COLUMNISTS

Trump flunks Wharton's labor economics lesson

Corpus Christi

By Jennifer Rubin

(c) 2017, The Washington Post

President Donald Trump never tired in his campaign of bragging about his degree from the Wharton School of Business. We couldn't help but notice that Wharton has shredded the anti-immigration RAISE Act that Trump endorsed:

"Penn Wharton Budget Model projects that contracting net legal immigration will decrease GDP relative to current law, despite changing the skill mix toward more educated immigrants. If immigration is decreased by 50 percent, the economy will be two percent smaller in 2040, even though 75 percent of those immigrants will now have at least a college degree. Between now and 2040, the economy will grow at about 1.6 percent per year on average rather than about 1.7 percent."

Wharton's analysis continues: "The RAISE Act also reduces employment because the domestic worker participation rate won't increase enough to fill the jobs that would have been held by immigrants who are no longer allowed in the country. . . . In its first year, under the RAISE Act, we project 92,538 fewer jobs.
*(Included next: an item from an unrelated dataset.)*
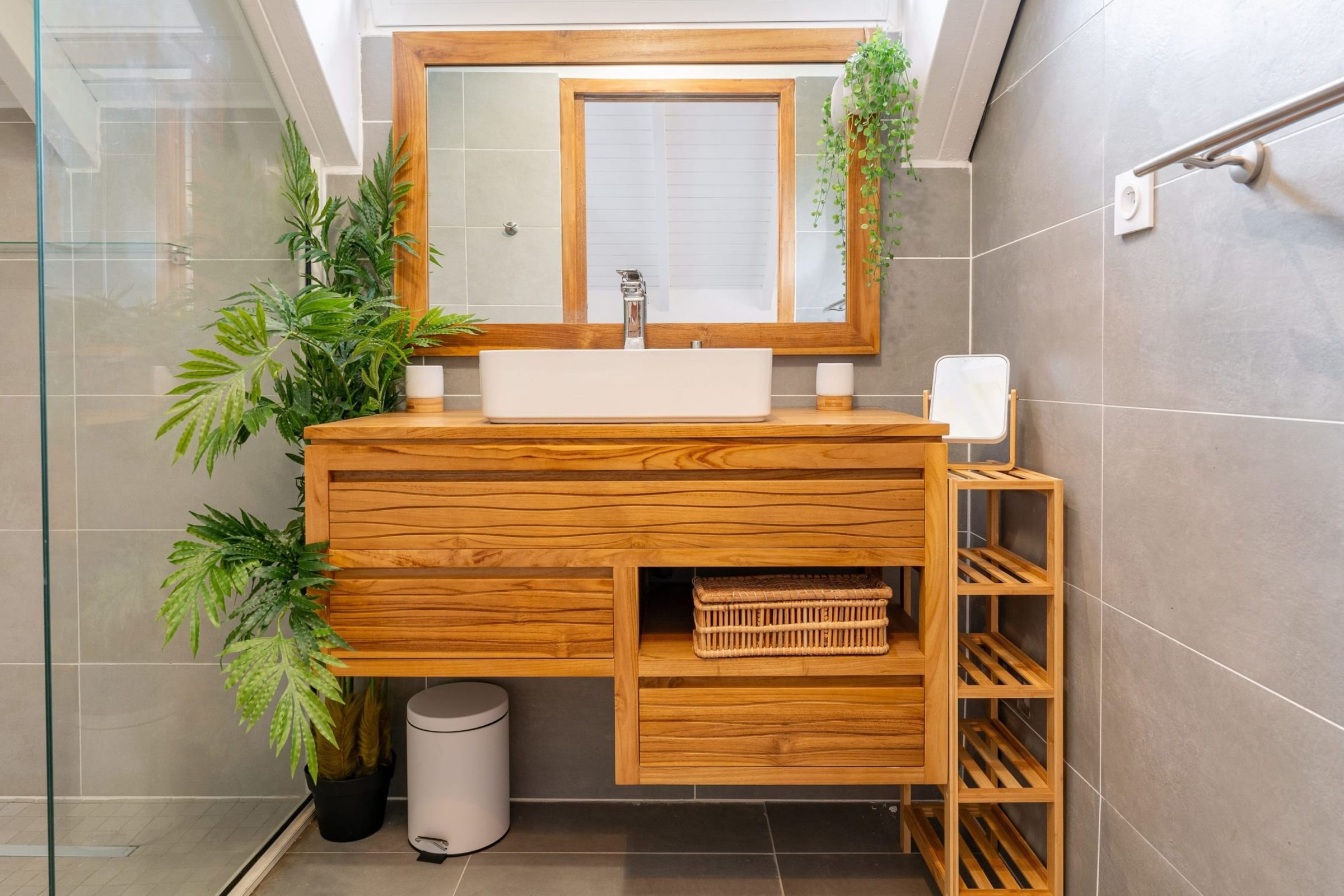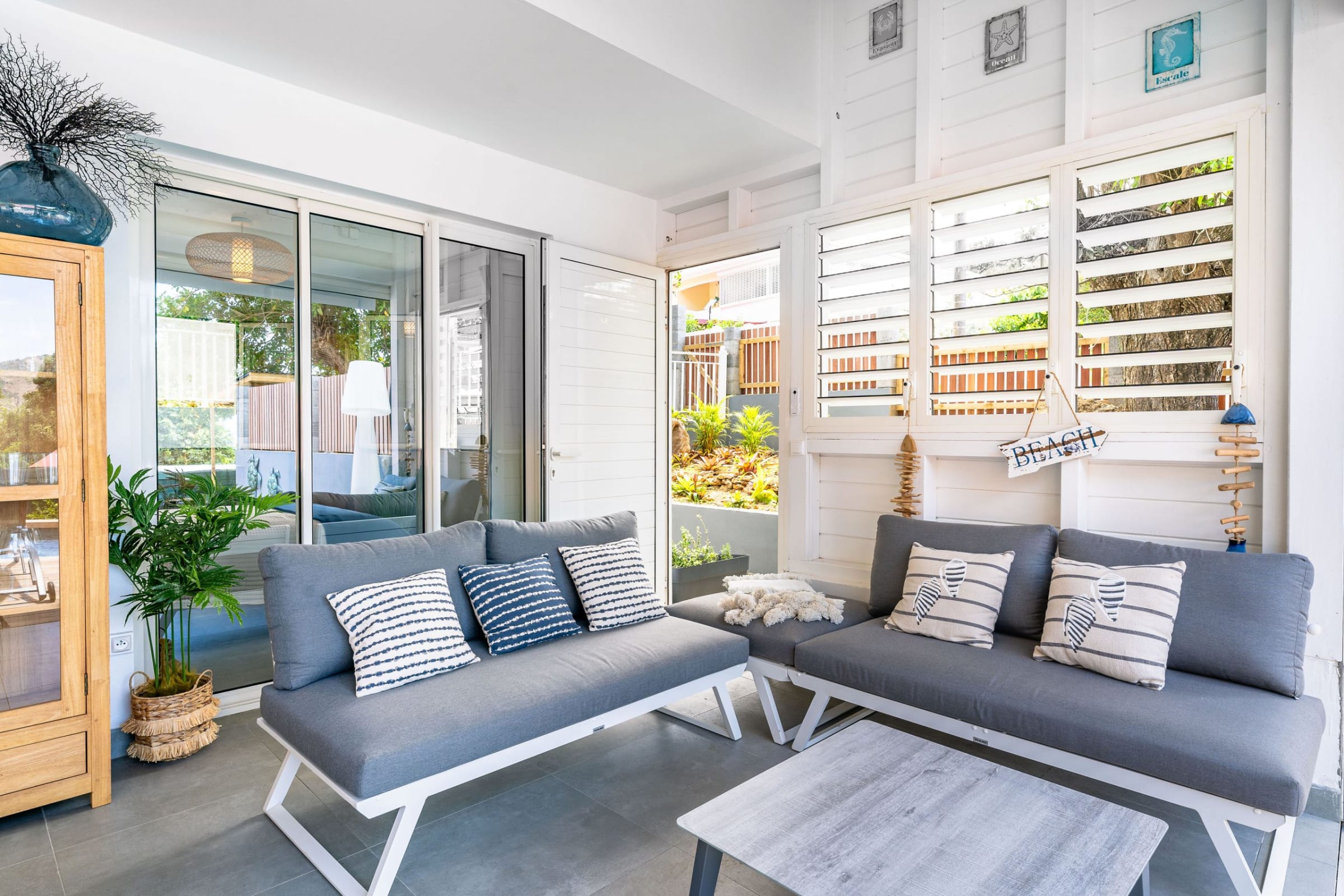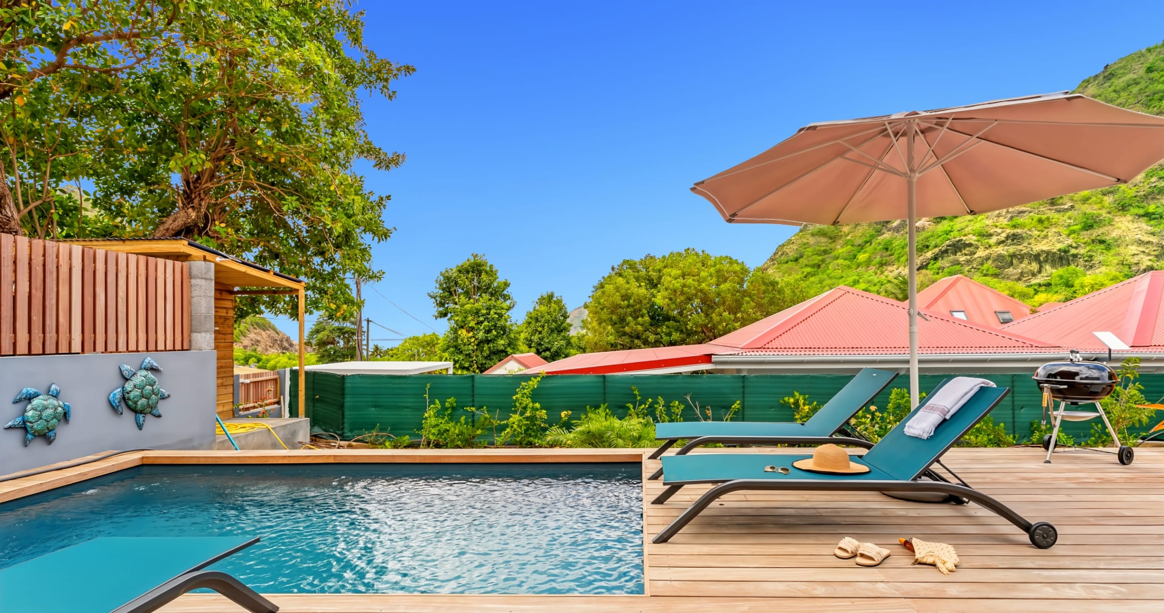 The perfectly equipped kitchen harmoniously combines functionality and pleasure. It gives access to the terrace, where a dining table for eight people awaits you under the blue Caribbean sky. An extension, complete with a swimming pool, deckchairs and a coal barbecue, completes this idyllic setting, perfect for moments of conviviality with family or friends.

After 10 years, job losses increase to 1.3 million relative to current law. By 2040, 4.6 million jobs are lost." In sum, the RAISE Act "will lead to less economic growth and fewer jobs than otherwise. Job losses emerge because domestic workers will not fill all the jobs that immigrant workers would have filled. While in the short run the RAISE Act leads to a small boost to per capita GDP, in the long run per capita GDP dips slightly." Put differently, there is no economic justification for the bill.

President Donald Trump, accompanied by Vice President Mike Pence, speaks to reporters before a security briefing at Trump National Golf Club in Bedminster, N.J., Thursday, August 10, 2017.

That leaves several explanations as to why Trump, who from time to time has praised legal immigration, would jump on the bandwagon: 1) Stephen K. Bannon, advocate of "blood and soil" nationalism, told him to; 2) Trump didn't learn much at Wharton and doesn't have a college freshman's grasp of labor economics; or 3) Trump knows it's a ridiculous bill but is desperate to please his base, which is drifting away. (Some combination of these factors may be at work.)

The same question — why support this? — might be asked of the overly ambitious Harvard graduate Sen. Tom Cotton, R-Ark., who co-sponsored the legislation. Presumably he isn't being told what to do by Bannon. He sure seems smart enough to have mastered Econ 101. Cotton quite plainly is playing the alt-right card, positioning himself as the natural successor to Trump.

Perhaps other Republicans will see this plan for what it is: the inevitable result of a party that has been intellectually corrupted, relying on the ignorance and anger of voters to raise money and keep it in power. As Jonathan Blitzer wrote:

"It's unlikely that the [Raise] Act will become law — even today, many Republicans in Congress would likely vote against it. (Some, like Lindsey Graham, have already publicly criticized it.) But in Trump, nativist activists and lawmakers finally have someone in the White House who speaks their language. 'For the first time ever, a President has sought a reduction in legal immigration' [said Muzaffar Chishti, an immigration expert at the Migration Policy Institute]. 'Even when Congress has been hostile to immigration, the President has always stood on the other side of the issue. This is from Wilson to Truman; it was true of Kennedy and Johnson and Reagan, all the way to George W. Bush and Obama. There have been no exceptions — until now.' "

Unfortunately, if the future of the GOP is with the Tom Cottons, Trump will not be seen as the exception to the rule but the beginning of Republicans' embrace of the counterproductive goal to keep the world's best and brightest off our shores. If only Trump had learned something at Wharton.